Artigo: Desinformação, o falso dilema saúde-economia e o paradoxo do isolamento social

Pablo R S Oliveira*

Texto publicado originalmente no blog Darwinianas

Os primeiros relatos de infecção pelo vírus SARS-CoV-2 em humanos surgiram no final de dezembro de 2019, na cidade de Wuhan, província de Hubei, China. No momento em que escrevo esse texto, a pandemia COVID-19, doença causada pelo SARS-CoV-2, parece estar longe do fim. O número de pessoas diagnosticadas com COVID-19 no mundo passa de 3.4 milhões, com quase 240 mil óbitos notificados (clique aqui para ver os números atualizados). No Brasil, de acordo com informações disponibilizadas pelo Ministério da Saúde e reproduzidas pelo site Our World in Data, já foram registrados cerca de 108 mil casos e mais de 7 mil óbitos. Apesar de sabermos quando a pandemia de COVID-19 começou, não é possível determinar quando e como ela terá um fim. Embora a crise sanitária atual ainda se apresente como um cenário de incertezas, é possível extrair informações valiosas de outras epidemias que afetaram a nossa espécie. Por exemplo, sabemos que o curso de uma epidemia é principalmente afetado por fatores biológicos, como a evolução do patógeno e a reposta imunológica do hospedeiro, e por decisões no campo da saúde, como o uso de medicamentos ou vacinas e o isolamento social.

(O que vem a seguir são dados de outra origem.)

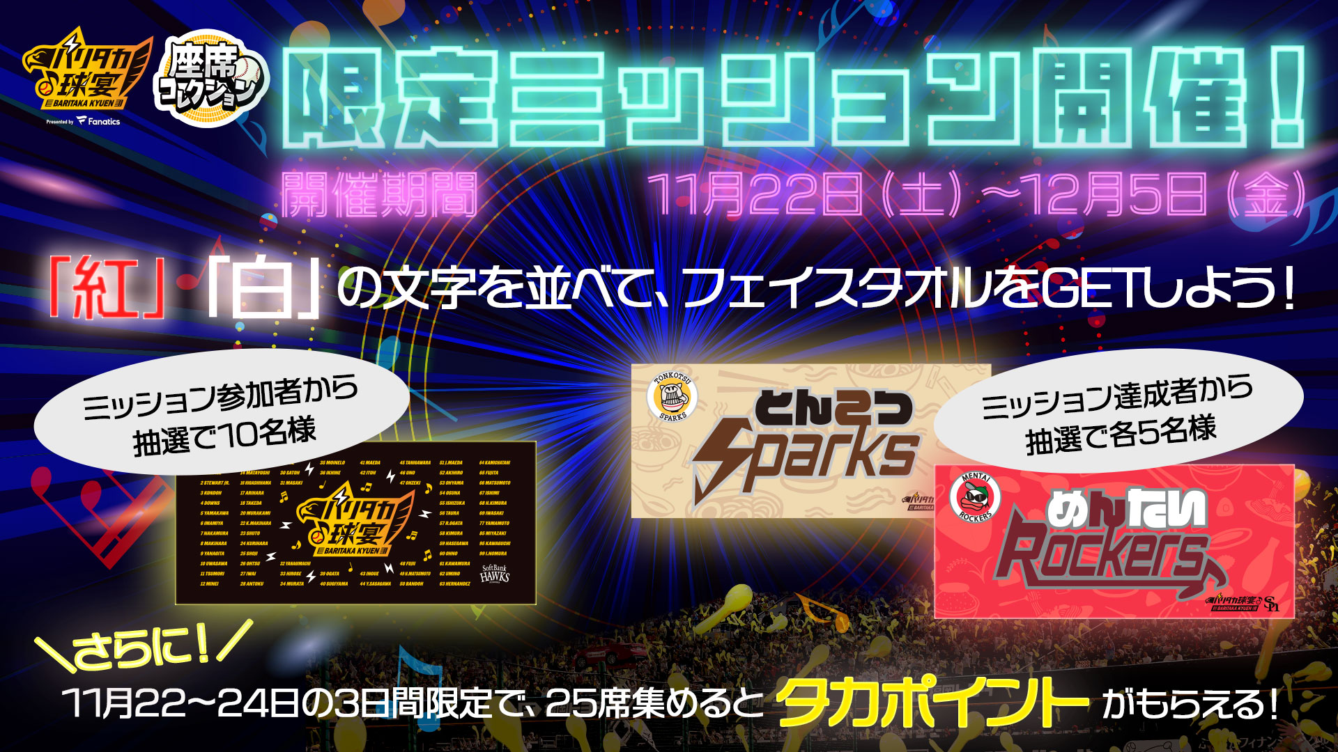 ファンフェスティバル2025「バリタカ球宴」限定ミッションを開催!ミッション参加・達成者の中から抽選でフェイスタオルが当たる! さらに、11月22日からの3日間限定で、25席以上集めるとタカポイントや限定アイテムがもらえる♪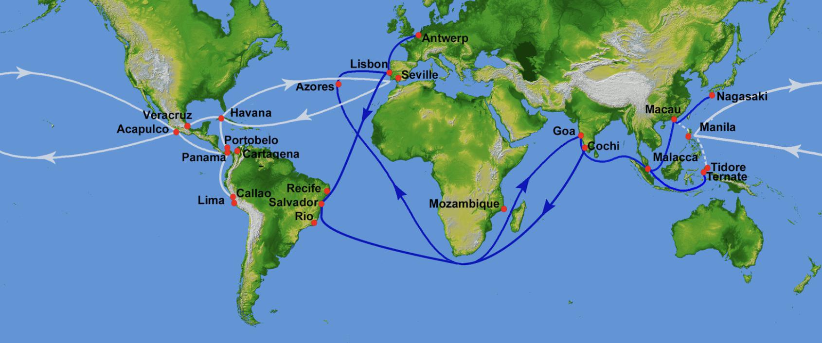 En blanc, les routes des gallions Espagnols. À cette époque, les "gallions de Manille" sont les seuls à traverser le pacifique.

O fato é que realmente não sabemos as consequências da atual pandemia. Além disso, vivemos na ‘Era da Informação’, com as redes sociais representando os principais meios de comunicação entre grupos de pessoas. Esse ambiente, em teoria mais democrático, fomenta a diversidade de ideias e o compartilhamento de opiniões. Contudo, o material veiculado nessas plataformas dificilmente têm suas fontes verificadas, o que pode facilitar a disseminação de informações de baixa qualidade e de desinformação deliberadamente veiculada com intuitos políticos e de outras ordens. Em tempos de COVID-19, por exemplo, esse tipo de situação pode rapidamente ofuscar as informações de entidades científicas e suas recomendações para o enfrentamento da pandemia. É possível observar também que debates em torno de informações científicas têm se tornado campos férteis para todo tipo de manipulação e interpretações inadequadas de evidências. Realizar verificações e rebater o grande volume de desinformação sem o auxílio das empresas de mídia social é tarefa praticamente impossível. Joan Donovan (Harvard Kennedy School, EUA), em comentário publicado na prestigiosa revista Nature, relata resistência dessas empresas em implementar políticas rigorosas de combate a fraudes no campo da informação. Como mencionado pelo colega Diogo Meyer, nesse mesmo blog, a propagação de argumentos pseudocientíficos em tempos de grave crise sanitária é particularmente preocupante.

Apesar de percorridos pouco mais de 4 meses desde o surgimento dos primeiros casos de COVID-19 na China, o esforço conjunto de cientistas de diversas áreas criou um corpo de conhecimento relevante sobre a doença. Mesmo assim, diversas informações cruciais para o enfrentamento da pandemia carecem de estudos conclusivos. Ainda existem dúvidas sobre os períodos de incubação e de transmissibilidade do vírus, sobre as taxas de transmissão e de mortalidade e sobre o potencial de disseminação da infecção por indivíduos assintomáticos. Até o momento, não existem alternativas profiláticas ou terapêuticas com eficácia contra a COVID-19 bem apoiada por evidências. Além disso, não é possível determinar a real dimensão da pandemia, visto que a subnotificação de casos é regra entre os países afetados. No Brasil, essa realidade parece ser ainda mais alarmante. Os números mais recentes apresentados pelo Ministério da Saúde mostram que, até o dia 20 de abril, somente 132 mil testes para a COVID-19 haviam sido realizados pela rede pública de saúde. Considerando essa quantidade de testes, o Brasil, que hoje figura entre os 10 países mais afetados pela doença (em número de casos), apresentaria na data citada uma taxa de 0,63 testes para cada mil habitantes, valor muito inferior aos que eram praticados até o dia 20 de abril por países recordistas em número de casos, como Itália (23,1) e EUA (12,2). Uma análise realizada pelo consórcio COVID-19 Brasil, que reúne pesquisadores de diversas instituições brasileiras, estimou que o número de infectados no Brasil deve ser 15 vezes maior do que o número de casos notificados. Considerando todos esses aspectos, a Organização Mundial da Saúde (OMS) preconiza o isolamento social como principal medida para conter o avanço do SARS-CoV-2. Alinhado com a orientação da OMS, Maurício Barreto, Professor Emérito da UFBA, Pesquisador da FIOCRUZ, um dos maiores epidemiologistas do nosso tempo, afirma que o isolamento social, associado a um sistema amplo de proteção das camadas sociais mais vulneráveis, é a única opção contra a catástrofe.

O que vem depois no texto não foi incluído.